Tínhamos entre 17 ou 19 anos, nos vestíamos para sair na noite, escondidas, é claro, esperando que meus padrinhos, pais delas, pegassem no sono. Queríamos ir a alguma “boite”, com vestidos de mini saia, sapatos salto agulha, bem perto, na Fernando Mendes,onde, nos deslumbrávamos como os artistas que iam dar canja, e nossa bebida de praxe era mesmo a cuba libre. O que queríamos mesmo era aprender a amar.
Tínhamos a meninice brejeira, a pele bronzeada pela frequencia habitual às areias de Copa, o encantamento pela novidade, a sensação da transgressão, e, ao mesmo tempo, o medo de alguma aventura mais arrojada, nada fazíamos a não ser trocar beijinhos com namoradinhos tão jovens quanto nós, e corríamos pra casa, onde entrávamos, com os sapatos na mão, rezando para que a Lady,cadelinha de estimação não desse nem um latido, denunciando nossa chegada no apê, onde ainda viraríamos o resto da madrugada, fofocando sobre pequenos delitos, ou fumando um cigarrinho comum, cujo cheiro íamos disfarçar com perfume em spray.
O disco ia chegando ao final, a tecnologia era mesmo manual, e uma das tres esticava o dedinho para que a agulha voltasse ao princípio da música, e lá íamos nós, envolvidas pelo questionamento sobre a tristeza que começávamos a descobrir ser tão comum nos amores desfeitos pela traição, quando pegávamos as mentiras mal contadas dos tais namoradinhos aprendizes de conviver as emoções da ternura e do prazer. Havia também o fato de que muitas vezes nos entusiasmávos por homens que não nos davam bola por acharem que éramos bobinhas demais e não tínhamos a malicia necessária para um “verdadeiro affair”.
A canção do jovem autor, entre muitas outras, era sucesso, e, ao mesmo tempo, era um libelo inocente para o futuro que teríamos que enfrentar. Ele mesmo, que foi prisioneiro do alcoolismo e morreu em consequencia disso, nos transmitiu, além do talento, uma amargura suficiente para que nos identificássemos com uma das mais cruéis rotinas dos relacionamentos, seus finais dolorosos, as decepções amorosas, os finais onde um dos parceiros teria mesmo que chorar. Então, nos diálogos das três, quantas ocasiões não nos perguntamos: Então o amor era isso? Traiçoes, desilusões e sofrimentos?
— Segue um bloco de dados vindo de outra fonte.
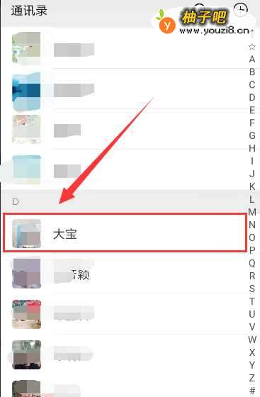 4在通讯录中找到你要设置为星标的好友,如图所示

Acho que foi nessa época que aprendemos também a saber chorar pelos amores perdidos, pelos amores sonhados, pelos amores mal sucedidos, sem entretanto termos desistido de voltar a buscar qualque tipo de amor, pelo resto de nossas vidas.
Já se passaram quase 40 anos, e hoje, ao ouvir a tal interpretação do saudoso cantor, me vi, exatamente como aquela menina-moça ( como éramos chamadas), sentindo um frio na alma, um aperto no peito, a saudade da esperança daqueles dias de juventude, o cansaço de tantas tentativas de encontrar amor sincero, e aí, desabei num pranto sofrido, doído, inteiramente descontrolado, resgatando um momento que dentro de mim, se repete, como um presságio.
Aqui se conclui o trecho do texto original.